Per «vedere» davvero Baresi ci voleva un regista visionario. «Franco è pura vita, a volte la vita vissuta sta da una parte, il cinema dall’altra». Un poeta del pallone che anche uno scarabocchio lo fa diventare un arabesco. 
Un uomo che davanti agli elogi di un maestro del cinema se ne viene fuori con un «piacevolmente sorpreso» che detto da lui non è una frase di circostanza. La sua sorpresa è lo stupore degli umili, dei grandi che sempre a schermirsi che io «non mi merito tanto». Un elogio arrivato da lontano, da un mondo che pensavi neanche ti guardasse. «Mi ha anche regalato il suo libro uscito l’anno scorso, Il crepuscolo del mondo(Feltrinelli, ndr) sull’ultimo soldato giapponese rimasto a combattere da solo nelle Filippine perché non sapeva che fosse finita la guerra». Una metafora nella quale riconoscersi. Giocare come un ideale da difendere. E allora puoi inventarti un lancio che nessuno ha mai tentato, scoprire un dribbling per il gusto di provarci e guardare negli occhi tutto lo stadio.

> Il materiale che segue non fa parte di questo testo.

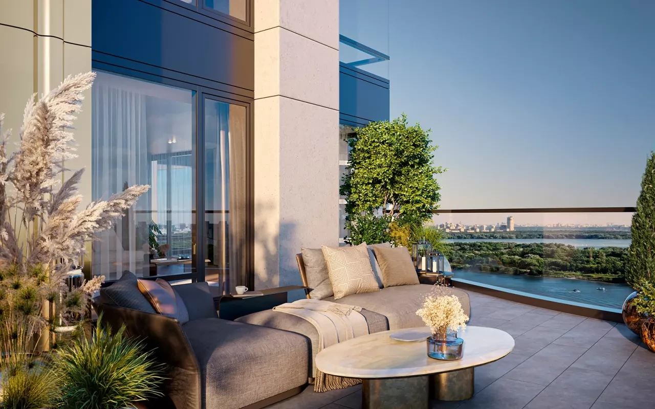Помимо стандартных квартир, представлены лоты с частными террасами, двухуровневые пентхаусы на верхних этажах с видами на водоемы и апартаменты с отдельным входом в патио
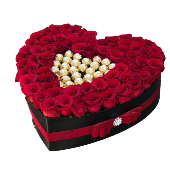 100 stems red roses with 30 pieces of ferrero rocher in a heart shaped box.
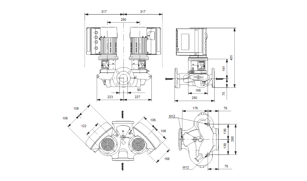 Призначення: Одноступінчаті, здвоєні насоси Grundfos TPE2 D  з усмоктувальним і випускними патрубками на одній лінії, що використовуються в різних областях застосування. Здвоєний вертикальний відцентровий насос типу «ін-лайн» з вбудованим частотним перетворювачем, спроектований з двома паралельними головними частинами. Насос має конструкцію вилучення зверху, тобто головну частину (електродвигун, голову насоса і робоче колесо) можна демонтувати для обслуговування чи ремонту в той час, як корпус насоса залишається на трубопроводі. Кожна насосна частина оснащена синхронним двигуном на постійних магнітах з повітряним охолодженням однакового розміру. Електродвигун включає частотний перетворювач і ПІ-регулятор в клемній коробці. Це забезпечує постійне плавне регулювання частоти обертання електродвигуна, а також можливість коригування робочих характеристик у відповідності з заданими вимогами.
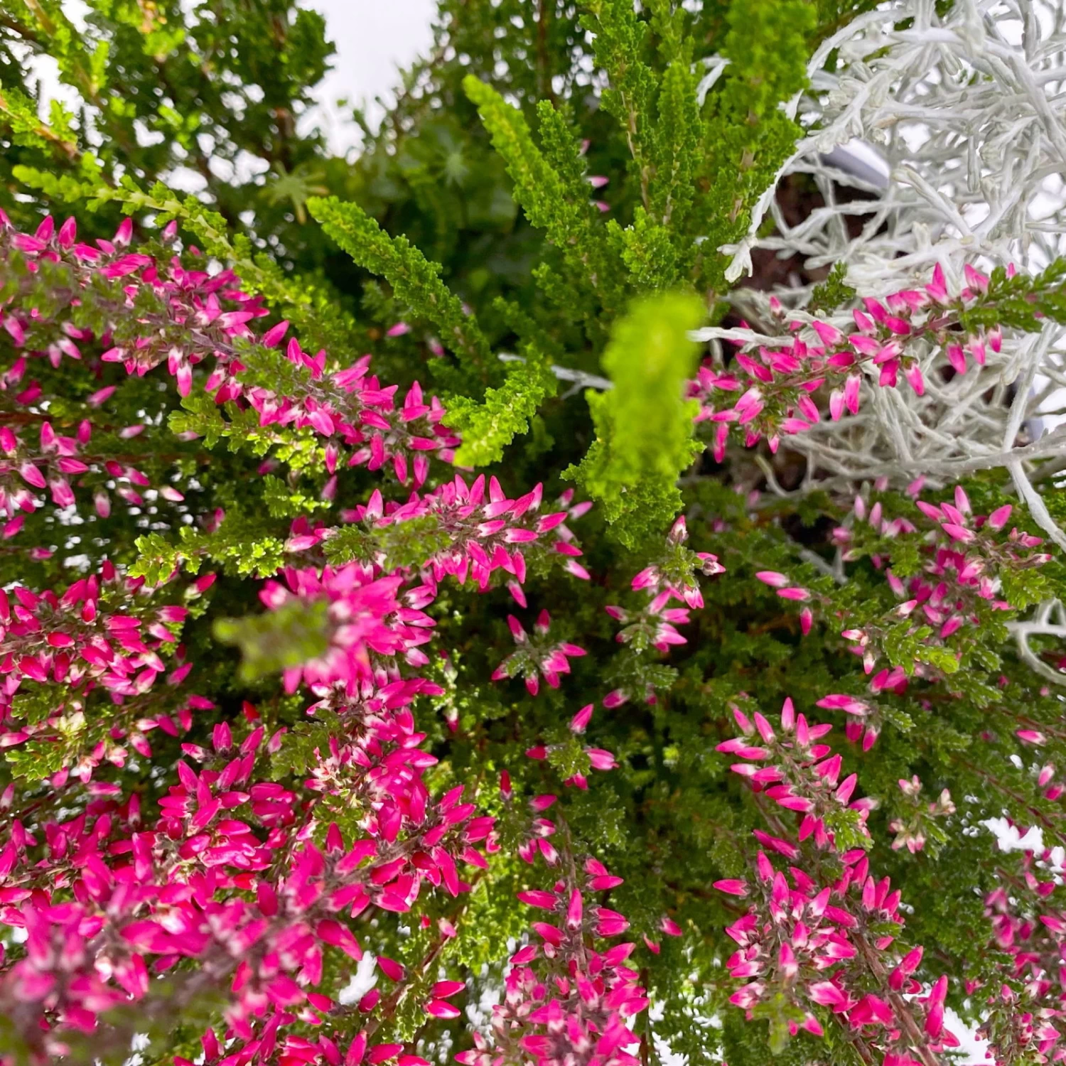 Die Knospenheide verdankt ihren Namen ihren rosa und gelben Knospen, die sich typischerweise nicht öffnen und über viele Monate ansprechend und unverändert bleiben. Bei dem Silberdraht handelt es sich um einen Korbblütler und die grün-gelben Blütenkörbchen blühen von Juli bis September, jedoch erst im zweiten Jahr, nach einer frostfreien Überwinterung.

Baresi è andato anche a Manaus, in Brasile, per vedere il teatro Amazonas, celebrato da Herzog in Fitzcarraldo con Klaus Kinski e Claudia Cardinale, un film che nessuna amnesia potrà cancellare. L’edificio è quasi una copia della Scala di Milano, costruito nel 1896 in piena foresta, con i proventi del boom della gomma. «Volevo immedesimarmi nelle atmosfere raccontate da Herzog. Capire il suo mondo. Immergermi nel suo modo di percepire il mondo». La modestia gli impedisce di ricordare che il viaggio era anche un’occasione per aiutare la popolazione locale, in uno dei progetti di volontariato per i quali l’ex capitano del Milan si spende senza chiedere in cambio visibilità.
Due talenti dal profilo basso che irrompono con boati di pura genialità. L’arte di svelare il mistero che è quasi sempre anche bellezza sfolgorante. 
Il riconoscimento di Werner Herzog ha ancora più valore se si considera che la sua Baviera è la terra di un altro grandissimo interprete del ruolo di libero: Franz Beckenbauer. «Un modello per me, come si faceva a non ammirarlo, a cercare di giocare come giocava lui?». E poi si chiama Franz proprio come Baresi. 
Il regista tedesco va anche più in là nel descrivere la sua ammirazione: «Baresi era il migliore quando non aveva la palla, perché riusciva a leggere il gioco, riusciva a capire quello che sarebbe successo, e non c’è stato mai nessun altro giocatore come lui che abbia capito così bene fisicamente lo spazio come è capitato a lui, davvero sensazionale. Mi piacerebbe davvero, nel fare i miei film, essere uno che riesce a capire il cuore dell’uomo e spazi come l’Amazzonia nello stesso modo in cui Baresi ha capito il gioco». Allargare gli orizzonti, vedere oltre. Investire nel mistero, che a volte è miraggio, spesso certezza imprevista. Per quelli che il calcio è solo un’emozione effimera. «Quanto valgono le lodi di un regista come Herzog?», si chiede il campione rossonero. Ecco: «Da calciatore ho sentito tanti elogi da allenatori e compagni. Qui è diverso. Mi sono venuti i brividi».